Copy the data that follows exactly. Include no pictures.

* [Material provided]
☆ ☆ ☆ ☆

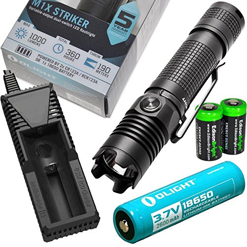 Olight M1X Striker Cree XM-L2 1000 Lumen LED Tactical Flashlight, Olight 18650 Li-ion rechargeable battery, charger with two EdisonBright CR123A Lithium Batteries
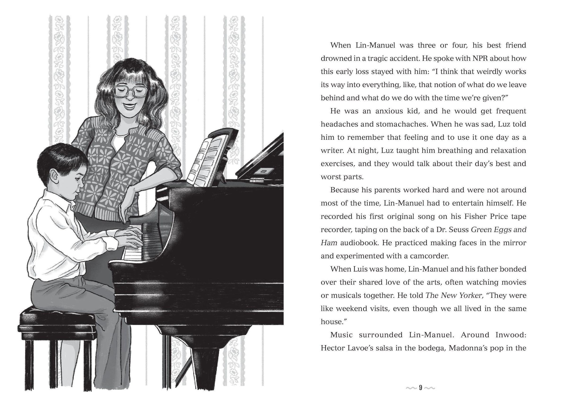 Meet award-winning songwriter, actor, producer and director, Lin-Manuel Miranda-once just a kid from New York City who loved growing up in Manhattan and spending summers visiting his family in Vega Alta, Puerto Rico. Fueled by his love of music and theater, Lin-Manuel Miranda would eventually become a household name, best known as the creator of Hamilton andIn the Heights , and as the lyricist and composer for Disney's Moana and Encanto .
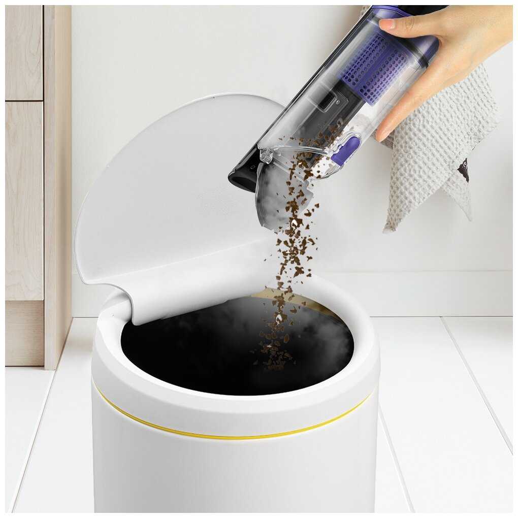 - + Понравился лаконичный, но интересный дизайн. Компактный, с удобным лючком для сброса мусора.
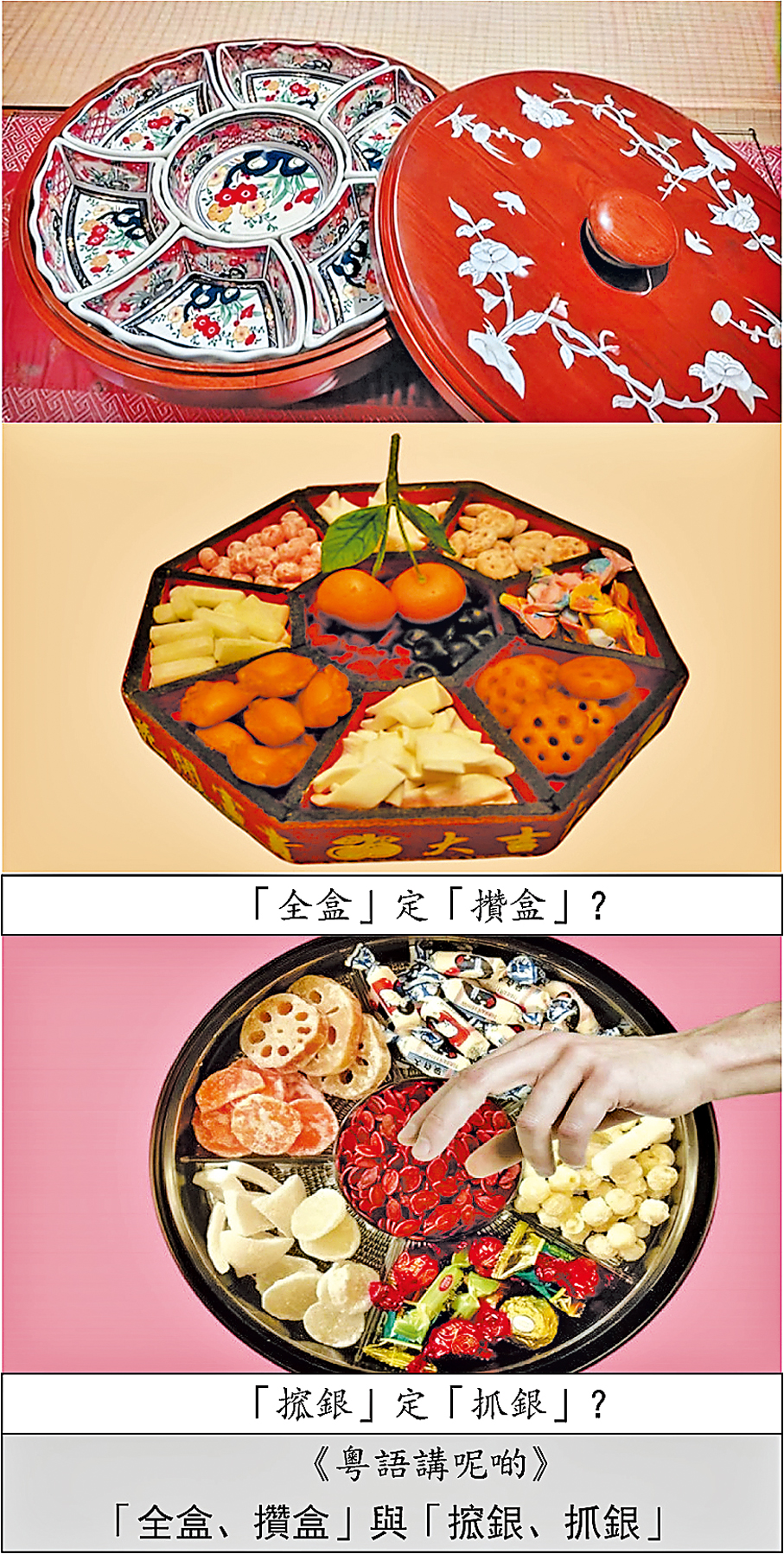中國人過年,家中必定會準備一個現代人以為是「零食盒」的「全盒」。此類盒多為圓形或多角形(以六、八角最為普遍),當中分開多格(以七、九格最為普遍);盛着一些糖果、炸物和瓜子,而瓜子一般放在中央的圓格內。

☆ ☆ ☆ ☆

* [Reply]
 Olight M1X Striker Cree XM-L2 1000 Lumen LED Tactical Flashlight, Olight 18650 Li-ion rechargeable battery, charger with two EdisonBright CR123A Lithium Batteries
 Meet award-winning songwriter, actor, producer and director, Lin-Manuel Miranda-once just a kid from New York City who loved growing up in Manhattan and spending summers visiting his family in Vega Alta, Puerto Rico. Fueled by his love of music and theater, Lin-Manuel Miranda would eventually become a household name, best known as the creator of Hamilton andIn the Heights , and as the lyricist and composer for Disney's Moana and Encanto .
 - + Понравился лаконичный, но интересный дизайн. Компактный, с удобным лючком для сброса мусора.
中國人過年,家中必定會準備一個現代人以為是「零食盒」的「全盒」。此類盒多為圓形或多角形(以六、八角最為普遍),當中分開多格(以七、九格最為普遍);盛着一些糖果、炸物和瓜子,而瓜子一般放在中央的圓格內。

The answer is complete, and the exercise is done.